Detection of KPC in Acinetobacter spp. in Puerto Rico

Iraida E Robledo 1,3, Edna E Aquino 1,3, María I Santé 2,3, Jorge L Santana 3, Diana M Otero 3, Carlos F León 3, Guillermo J Vázquez 1,3,*
PMCID: PMC2825984  PMID: 20038618

Abstract

During an island-wide PCR-based surveillance study of beta-lactam resistance in multidrug-resistant (MDR) Escherichia coli, Klebsiella pneumoniae, Pseudomonas aeruginosa, and Acinetobacter calcoaceticus-baumannii complex isolates obtained from 17 different hospitals, 10 KPC-positive Acinetobacter isolates were identified. DNA sequencing of the blaKPC gene identified KPC-2, -3, and -4 and a novel variant, KPC-10. This is the first report of a KPC-type beta-lactamase identified in Acinetobacter species.

The Acinetobacter calcoaceticus-baumannii complex has been recognized, during the last few decades, as an important opportunistic pathogen associated with life-threatening nosocomial infections and hospital outbreaks, as well as an agent of serious infections in injured U.S. military personnel returning from the Middle East war zones (9, 25, 33). In addition to their ability to survive in adverse environmental conditions (14), the organisms have intrinsic and acquired mechanisms of antimicrobial resistance, such as porin downregulation, overexpression of efflux pumps, chromosomal and plasmid-acquired beta-lactamases, aminoglycoside-modifying enzymes, and fluoroquinolones resistance, among others (11). Class B metallo-beta-lactamases and class D oxacillinase with carbapenemase activity have been identified in Acinetobacter species as a mechanism of broad-spectrum beta-lactam resistance (11, 20).

The molecular class A beta-lactamases of the KPC family are a group of potent carbapenemases identified initially in a Klebsiella pneumoniae isolate from the United States and later in other members of the Enterobacteriaceae family and in other geographical regions worldwide (17, 20). Pseudomonas aeruginosa positive for the blaKPC gene has been recently identified in Colombia, Puerto Rico, and Trinidad and Tobago (3, 28, 29).

Up to date, eight different KPC variants (KPC-2 to -9) have being identified differing by 1 or 2 two amino acid substitutions. KPC-2 and -3 are the most common variants identified in Enterobacteriaceae and P. aeruginosa. KPC-6, -7, and -8 have been identified only in K. pneumoniae, while KPC-9 was detected in Escherichia coli and KPC-5 in P. aeruginosa. All the KPC variants except for KPC-7 and -9 have been detected in Puerto Rico (21-24, 29). In this report, we describe for the first time the presence of the KPC gene in clinical isolates of Acinetobacter species in Puerto Rico and the identification of a novel KPC variant, KPC-10, in one of the isolates.
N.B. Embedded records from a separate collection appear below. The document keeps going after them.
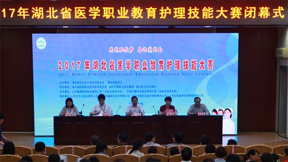 6月11日下午,由我校承办的2017年湖北省医学职业教育护理技能大赛顺利落下帷幕。大赛闭幕式在学校文博馆学术报告厅举行,省卫计委巡视员黄运虎、省卫计委科教处调研员张有元、省护理学会副会长武汉大学中南医院护理部主任朱小平、学校校长朱虹等出席了闭幕式,并为各获奖选手颁奖。来自省内的27所参赛院校34支代表队的师生代表们参加了闭幕式,闭幕式由省医学职业教育研究室主任周森林主持。
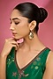 Featuring a pair of gold finish dangler earrings studded with kundan polki, green and white semi-precious stones, set in mixed metal. Perfect wear for festive occasions or wedding ceremonies.
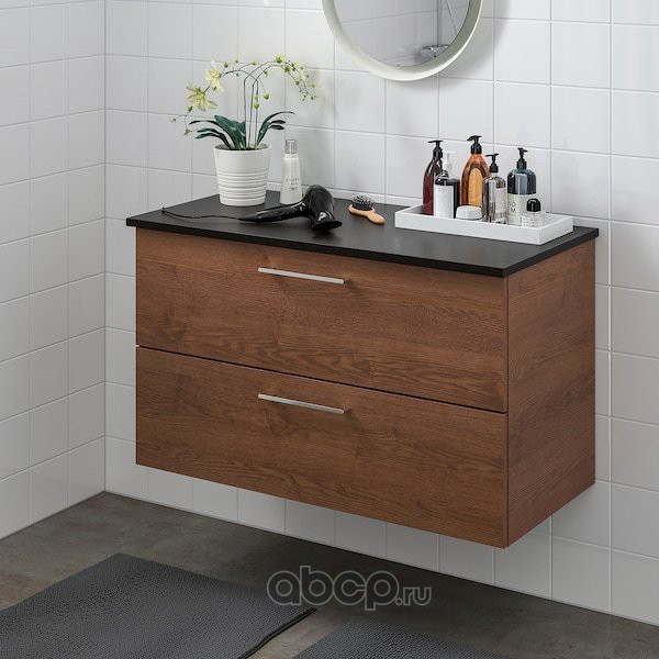 GODMORGON ГОДМОРГОН / TOLKEN ТОЛКЕН Шкаф для раковины с 2 ящ, под коричневый мореный ясень/антрацит 102X49X60см
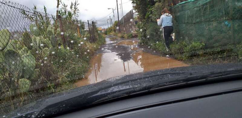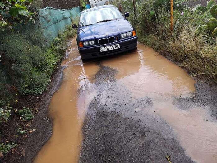 Telde.- El camino Piletas en Montaña Las Palmas hace honor a su nombre, ya que cuando caen tres gotas se forman grandes charcos que la hacen casi intransitable.
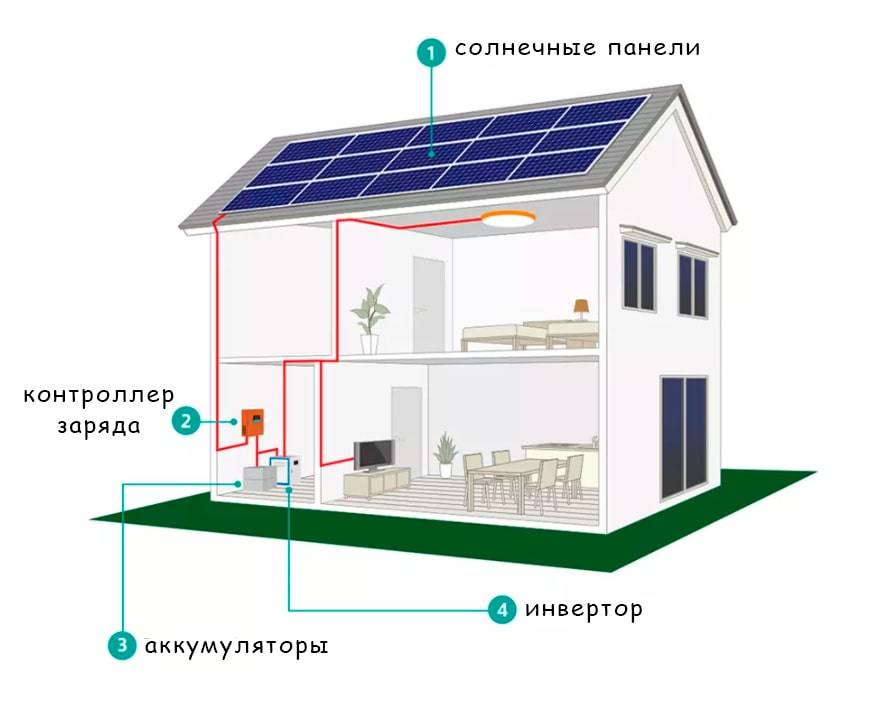 Все потребители переменного тока (бытовые электроприборы, электроинструмент и т. д.) не имеют прямого подключения ни контроллеру, ни к солнечным панелям. Они через инвертор подключаются к аккумуляторной батарее.
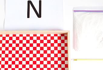 Materiales necesarios: una bandeja o caja poco profunda, azúcar, lápiz, letras impresas para que los niños se puedan fijar. Imagen: hellobee
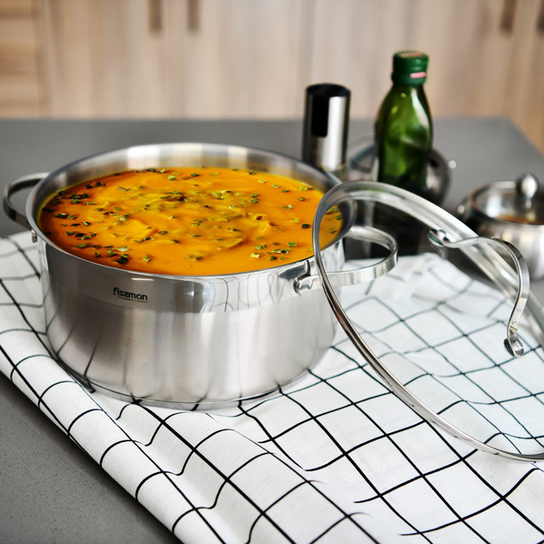 Spetsiaalne 3-kihiline termoakumulatiivne põhi tagab kiire kuumenemise, ideaalselt ühtlase soojusjaotuse ja hoiab soojust kaua. See võimaldab säästa energiat. Mugavuse tagamiseks on siseskaala, kuumuskindlad käepidemed ja klaasist kaaned, mis võimaldavad toiduvalmistamisprotsessi jälgida.
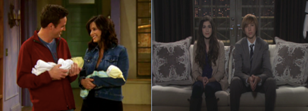 Robin finds out she can never have kids (her imaginary children pictured above,) and Chandler and Monica decide to adopt after being told they won’t be able to have kids.
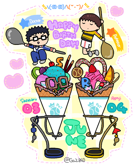 😑「ビタミンCたっぷりいちごのケーキだ、今日は一緒にお祝いしような博士!」 👓「味も美味しいよ教授!」 😑「あっ、こらつまみ食いするんじゃない!💨」 🎊 Happy Birthday 乾&柳 🎂🎉 #乾貞治誕生祭2023 #乾貞治生誕祭2023 #柳蓮二誕生祭2023 #柳蓮二生誕祭2023
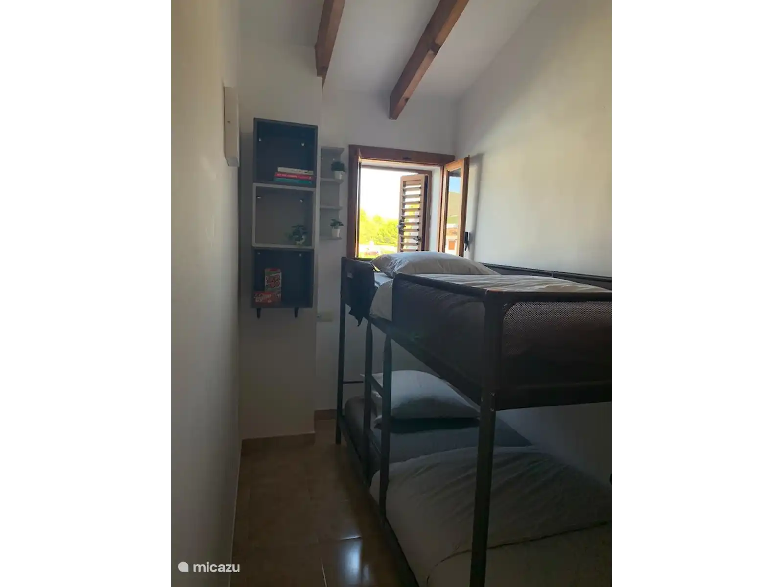The 3rd bedroom has a bunk bed with built-in wardrobe and air conditioning (hot/cold). The shutters are also present here.

A PCR-based surveillance study of beta-lactam resistance was started in January 2009 in 17 hospitals across the island. After Institutional Review Board approval, the participating hospitals sent isolates of all unique, consecutive, multidrug-resistant Acinetobacter species with their corresponding susceptibility report and basic epidemiologic information. PCR screening with family-specific beta-lactamase primers for KPC and IMP and multiplex PCR for OXA carbapenemases and for CTX-Ms were performed as previously described (29, 31, 32). The Vitek DCS-R5 system confirmed the identification of the isolates as those in the A. calcoaceticus-baumannii complex. Bidirectional sequencing of the full-length blaKPC gene PCR product was independently generated at least twice to identify the type of the KPC variant. DNA sequencing was commercially performed by Davis Sequencing. Sequence alignment and analysis were done online by utilizing the BLAST program (www.ncbi.nlm.nih.gov). Trek GNXF Gram-negative MIC plate microdilution panels (Westlake, OH) were utilized to perform antibiotic susceptibility tests by following the manufacturer's instruction, and the results were interpreted as recommended by the Clinical and Laboratory Standards Institute (8). No attempts were made to evaluate patients' therapies or clinical outcomes.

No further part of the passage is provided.